Триумф и трагедия Эразма Роттердамского; Совесть против насилия: Кастеллио против Кальвина; Америго: Повесть об одной исторической ошибке; Магеллан: Человек и его деяние; Монтень (Цвейг) - страница 133

По приказу Совета хватают нескольких нищих и подвергают их ужасным пыткам до тех пор, пока те не наговаривают на себя и не подтверждают, что именно они принесли в город чуму, обмазав дверные ручки домов мазью, изготовленной из экскрементов черта. Но Кальвин, постоянно обращенный своими мыслями в прошлое, не отвергает, как следовало бы поступить гуманисту, с презрением бабьи сплетни, а, подтверждая их, выказывает себя убежденным защитником средневековых заблуждений. Впрочем, еще больше, чем открыто высказанное убеждение, что semeurs de peste [97] были наказаны справедливо, его авторитету вредит высказанное им с кафедры утверждение, что якобы некий человек за свое безбожие был среди бела дня вытащен чертом из постели и брошен в Рону; впервые Кальвин чувствует, что некоторые его слушатели даже не пытаются скрыть свое ироническое отношение к этой суеверной побасенке.

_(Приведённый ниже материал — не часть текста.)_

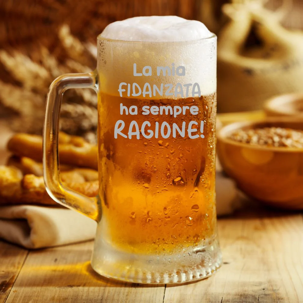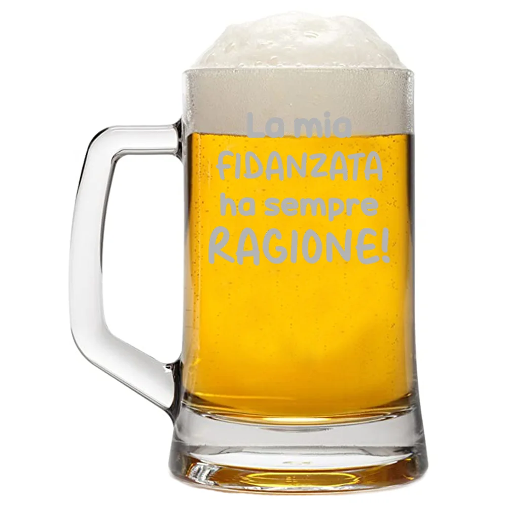 Questo boccale unico ed originale può essere un simpatico regalo utile a qualsiasi ricorrenza come Compleanno, Festa del Papà, Festa della Mamma, Natale. Anniversario, Pasqua, SanValentino o semplicemente per stupire una persona a te cara. Un’idea regalo che renderà felice chiunque grazie alla frase personalizzata di questo bicchiere da birra in vetro.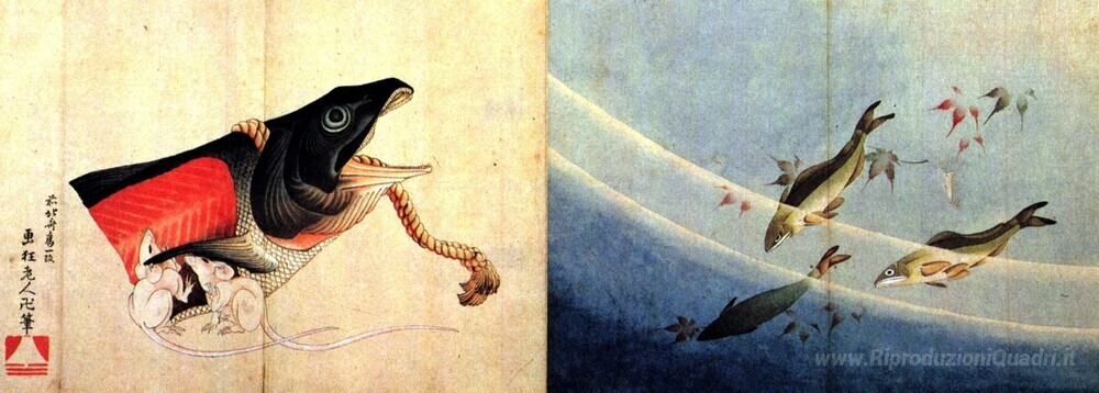 Ti offriamo una riproduzione artigianale su tela dell'opera famosa 'Salmond e topi salato' di Katsushika Hokusai, dal Museo delle Riproduzioni.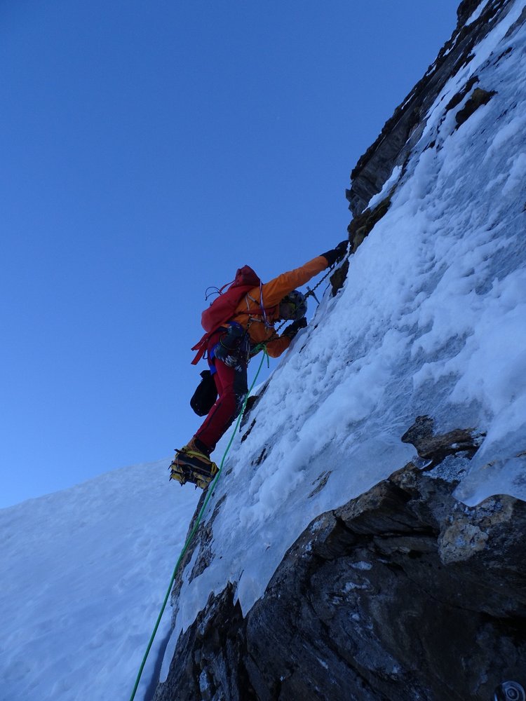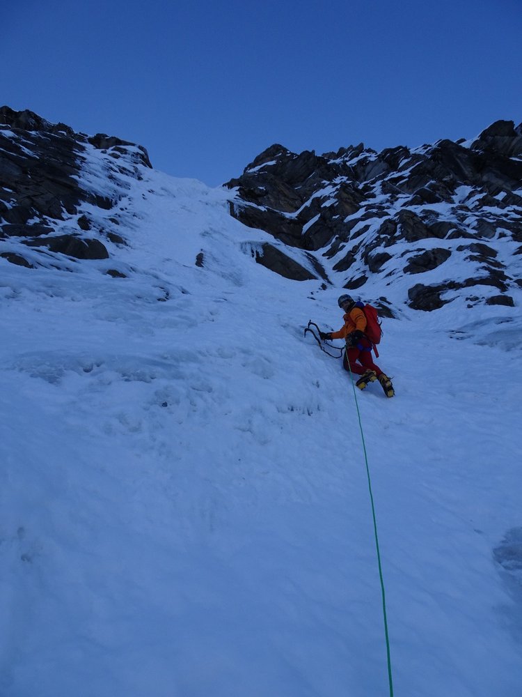 4. SL Die Steilplatte von links 2 BH diagonal nach rechts in heikler Kletterei und ins Eis. Nach 25 m heikler Übergang in flaches Gelände und fast waagrecht weitere 20m zu einem kleinen Fels mit BH Stand in der Rinne. M5, WI 4+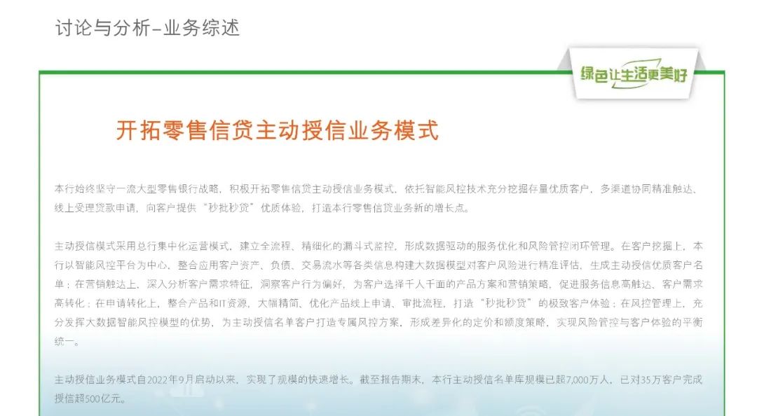 在零售風(fēng)控領(lǐng)域,該行研發(fā)主動授信模式,深度挖掘優(yōu)質(zhì)存量客戶,提供秒批秒貸服務(wù),實現(xiàn)風(fēng)險管控與客戶體驗的平衡統(tǒng)一;推進(jìn)零售信貸自動化審批,降低分支機(jī)構(gòu)信貸審批人員工作量一半以上,穩(wěn)步提升客戶質(zhì)量。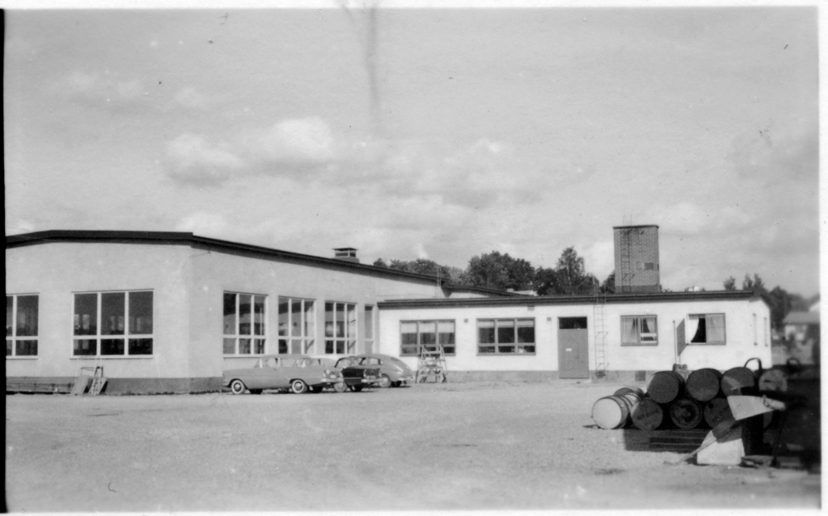 Vägstation D5, Flen. Verkstadsbyggnad och kontorsbyggnad. Personbilar parkerade framför verkstadsbyggnaden. Upplag av bränslefat.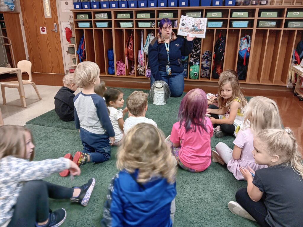 Kindergarten read 1000 books as a class and earned a bring your stuffed animal to school day. They used their stuffed animals in math to compare objects by height and put them in size order.

Во всяком случае, очевидно, что во время эпидемии чумы была утрачена большая часть той веры в непогрешимость, которая для любого диктатора является неотъемлемым элементом его психологической власти. Наблюдается несомненное отрезвление: сильнее и во все более широких кругах распространяется сопротивление. Но, к счастью для Кальвина, сопротивление лишь распространяется, а не концентрируется.

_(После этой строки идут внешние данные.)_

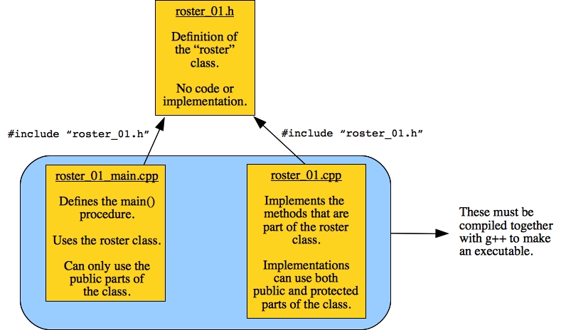 UNIX> g++ -o roster_01 roster_01.o roster_01_main.o UNIX>The reason why separate compilation is nice is that compiling from object files is faster than from the source files (the .cpp) ones. Thus, when we compile incrementally, and we change a source file, we recompile the changes source to its object file and then relink all the object files. That is faster than calling g++ on all the source files.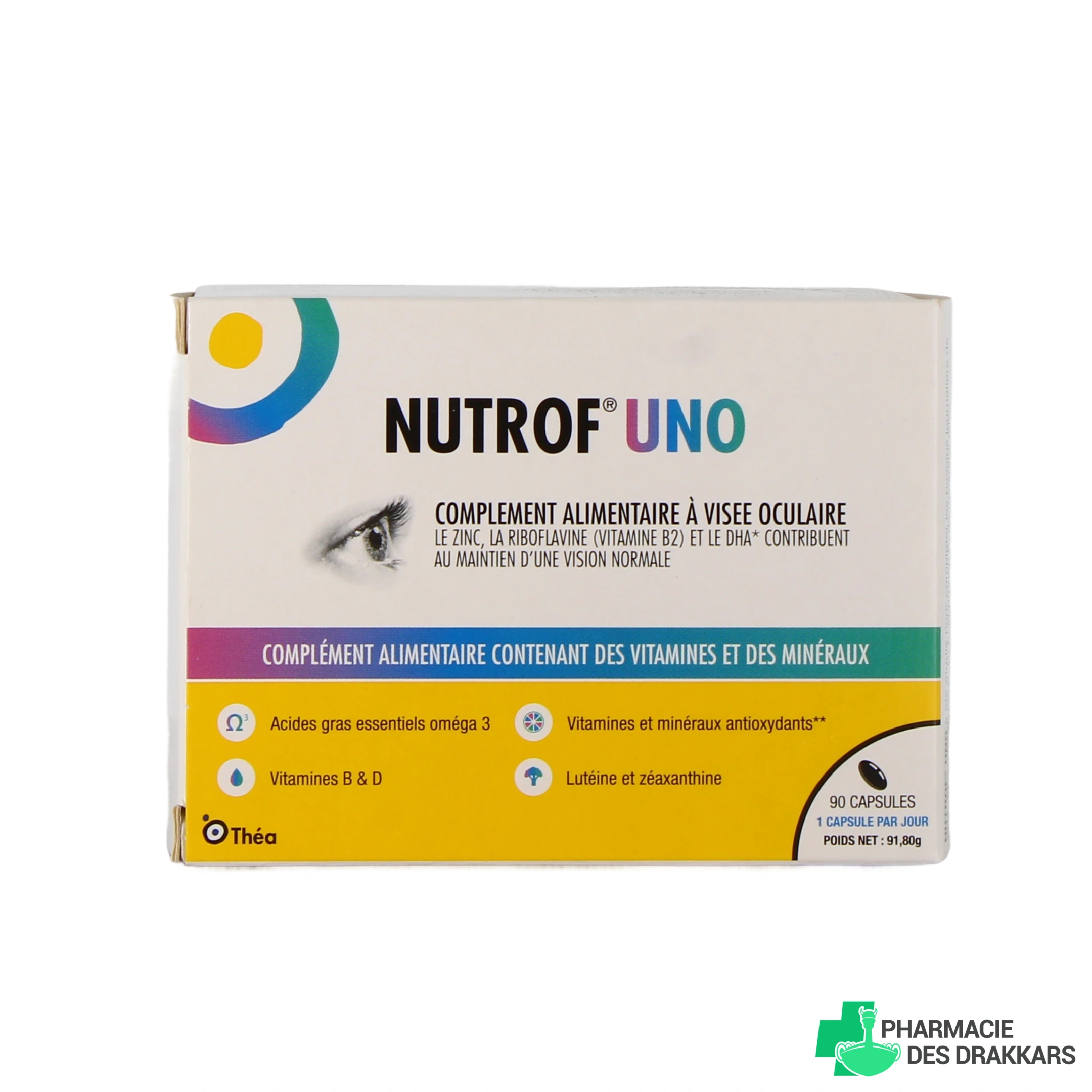 Vous pourrez sélectionner le complément alimentaire à visée oculaire Nutrof Uno de Théa parmi les conditionnements suivants chez Pharmacie des Drakkars : boîte de 90 capsules.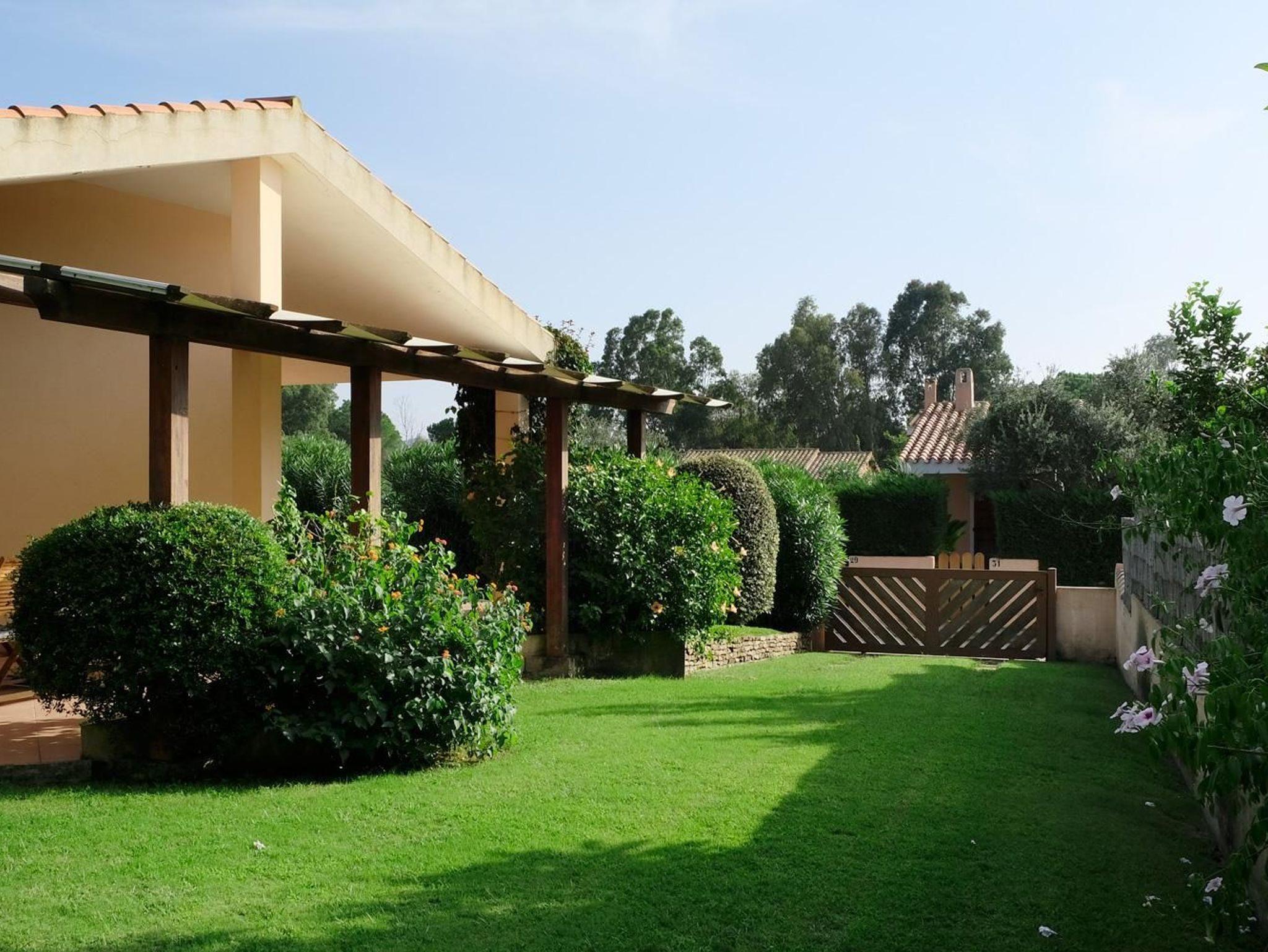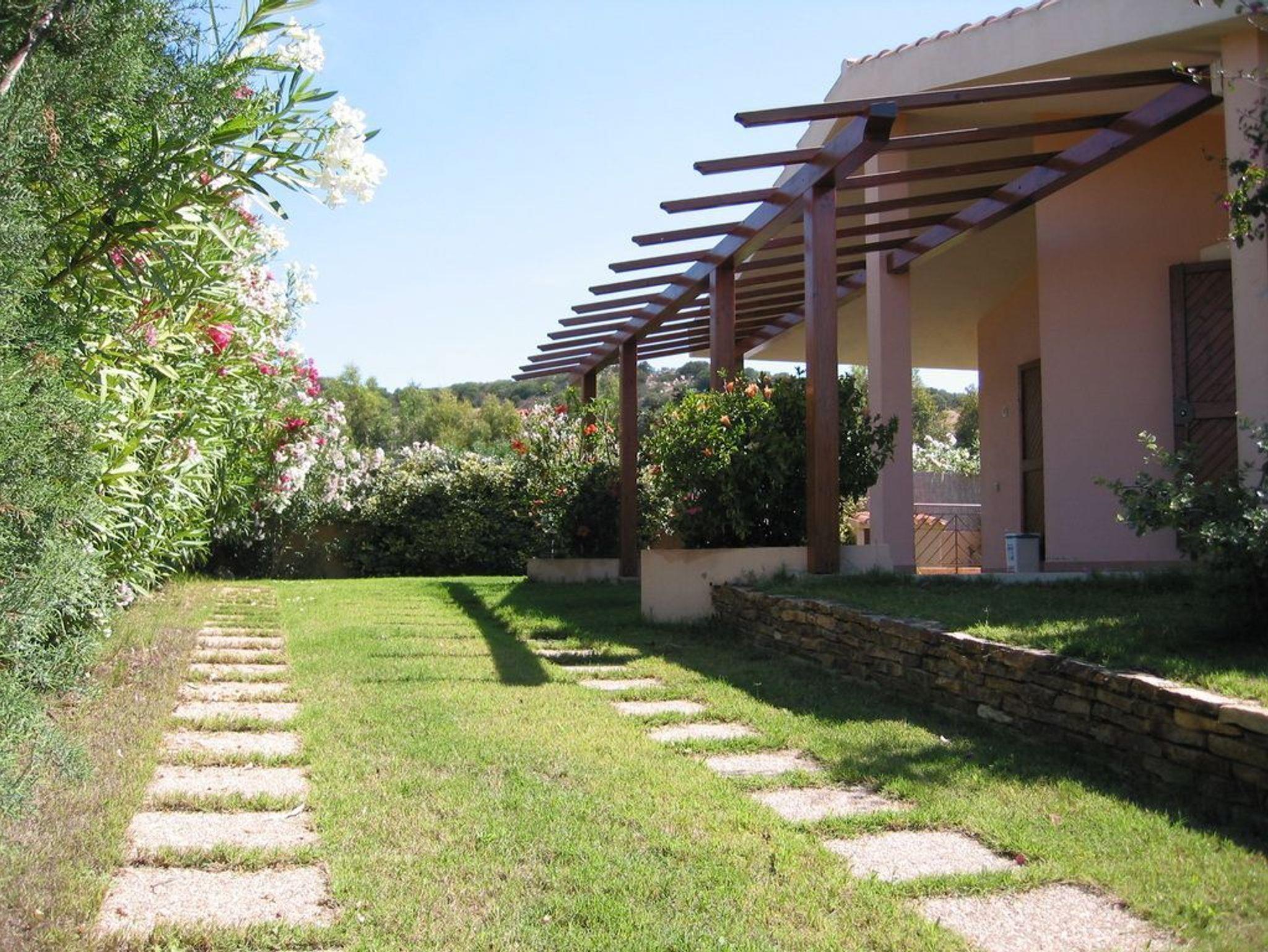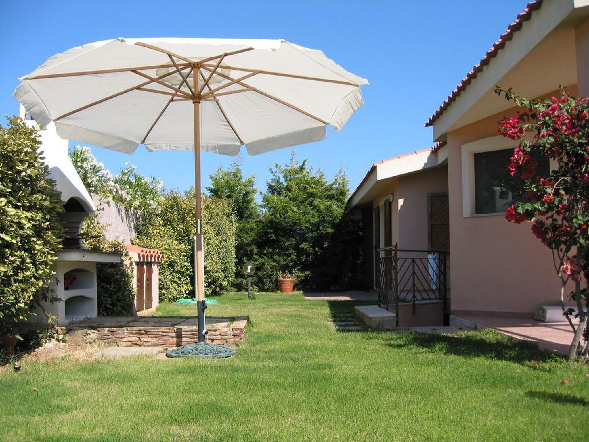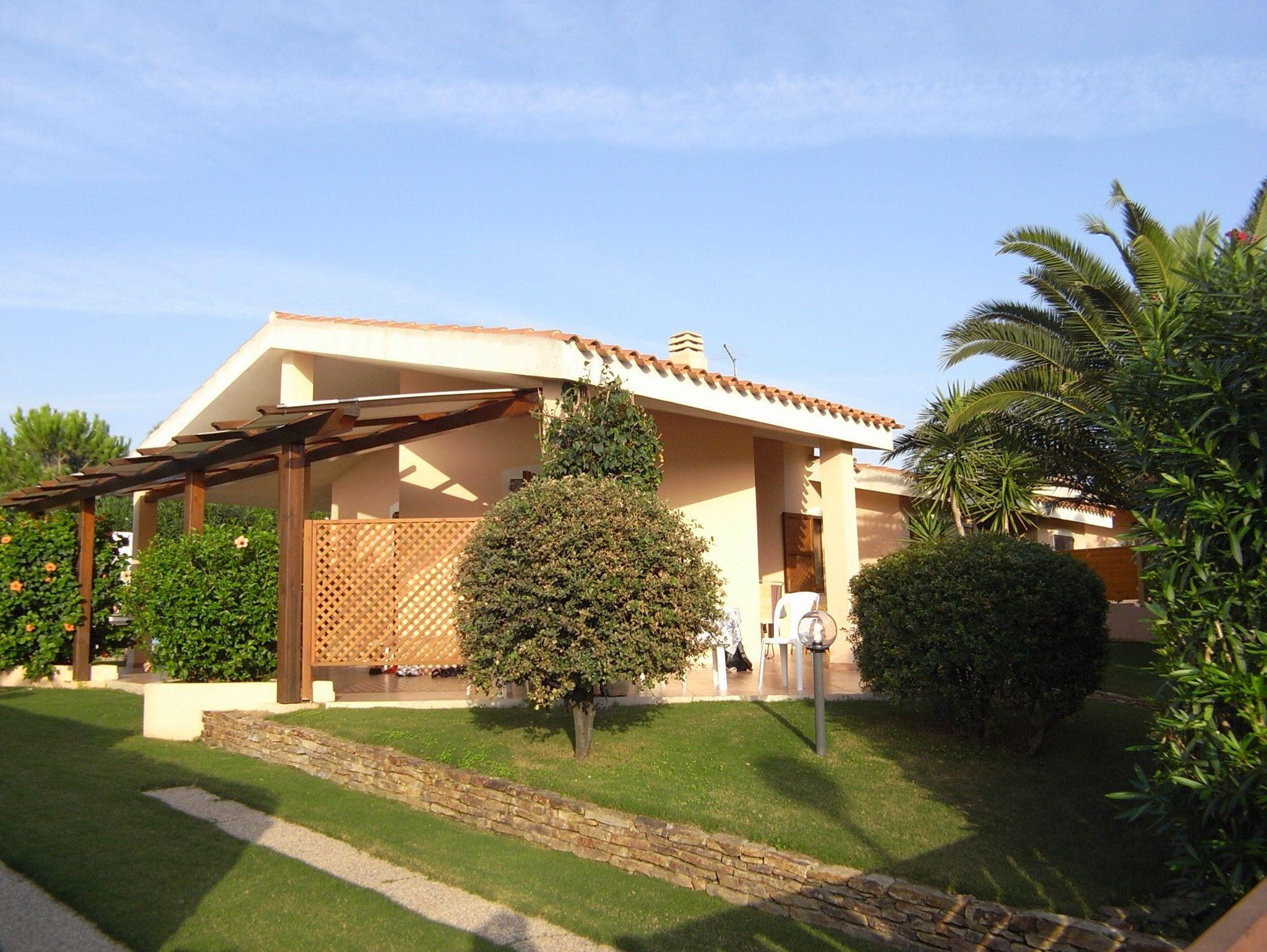 Eingebettet in einen großen, gepflegten Garten, liegt diese Doppelhaushälfte in einem bevorzugten Wohngebiet in Nähe des Campulongu Strandes.

Временное преимущество любой диктатуры, позволяющее ей существовать, даже если она находится в меньшинстве, определяется тем, что ее военная мощь выступает организованно, сплоченно, тогда как противник, наступающий с разных сторон и действующий по самым разным, отличающимся друг от друга мотивам, никогда не соберется в действенную ударную силу, а если и соберется, то произойдет это гораздо позже. То, что многие или очень многие из народа внутренне противятся диктатуре, не дает эффекта до тех пор, пока они не начнут действовать в каком-то однородном плане, в некоей единой замкнутой структуре. Поэтому-то между первым потрясением авторитета диктатора и его свержением часто лежит долгий и затяжной путь.

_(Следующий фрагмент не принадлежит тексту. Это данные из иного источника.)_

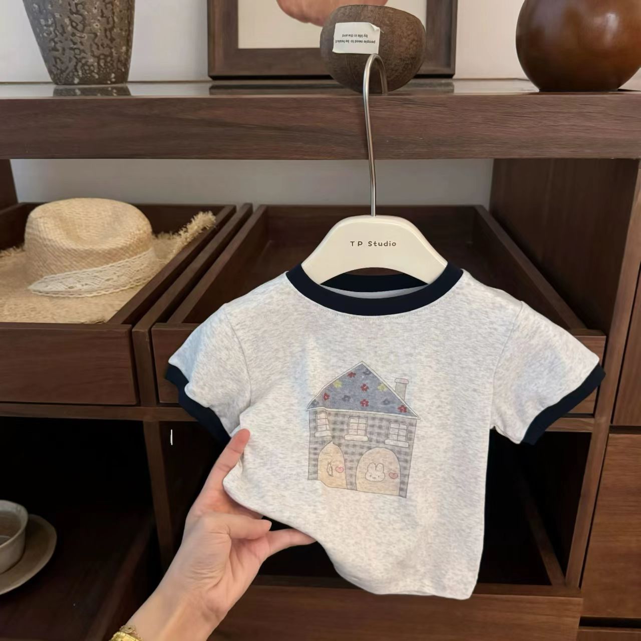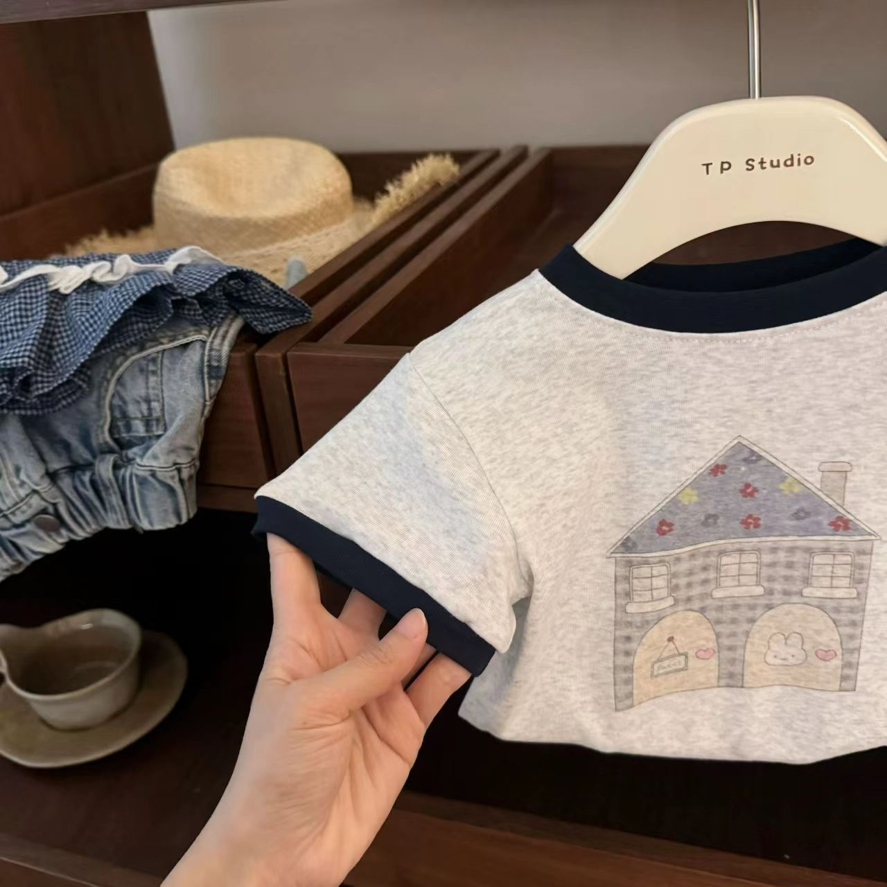 여자 정장 2025 여름 신작 어린이 한국 스타일 라운드 넥 반팔 티셔츠 얇은 데님 와이드 레그 팬츠 투피스 세트

Кальвин, его консистория, его проповедники и его приверженцы из эмигрантов представляют собой монолит воли, сплоченную, целеустремленную силу. Напротив, к противникам его примыкают люди из самых разных сфер и сословий и, следовательно, друг с другом внутренне не связанные. Тут и бывшие католики, еще тайно привязанные к своей старой вере, и пьяницы, у которых закрыли кабак, и женщины, которым запрещено наряжаться, старые женевские патриции, озлобленные тем, что люди, едва появившись в городе и не имея ни кола ни двора, — эмигранты — тотчас же заняли все должности; вся эта многочисленная оппозиция включает в себя и представителей аристократических слоев, и людей из самых низов города; но до тех пор, пока недовольство не связывается некой общей идеей, оно остается бессильным ропотом, скрытой, потенциальной стихией, а не действенной силой. Но толпе никогда не одолеть армии, никогда неорганизованному недовольству не противостоять организованному террору. Вот поэтому Кальвину в первые годы было нетрудно обуздать эти расчлененные группы, поскольку они никогда не выступали против него как единое целое: ударом в спину он мог покончить сначала с одними, потом с другими.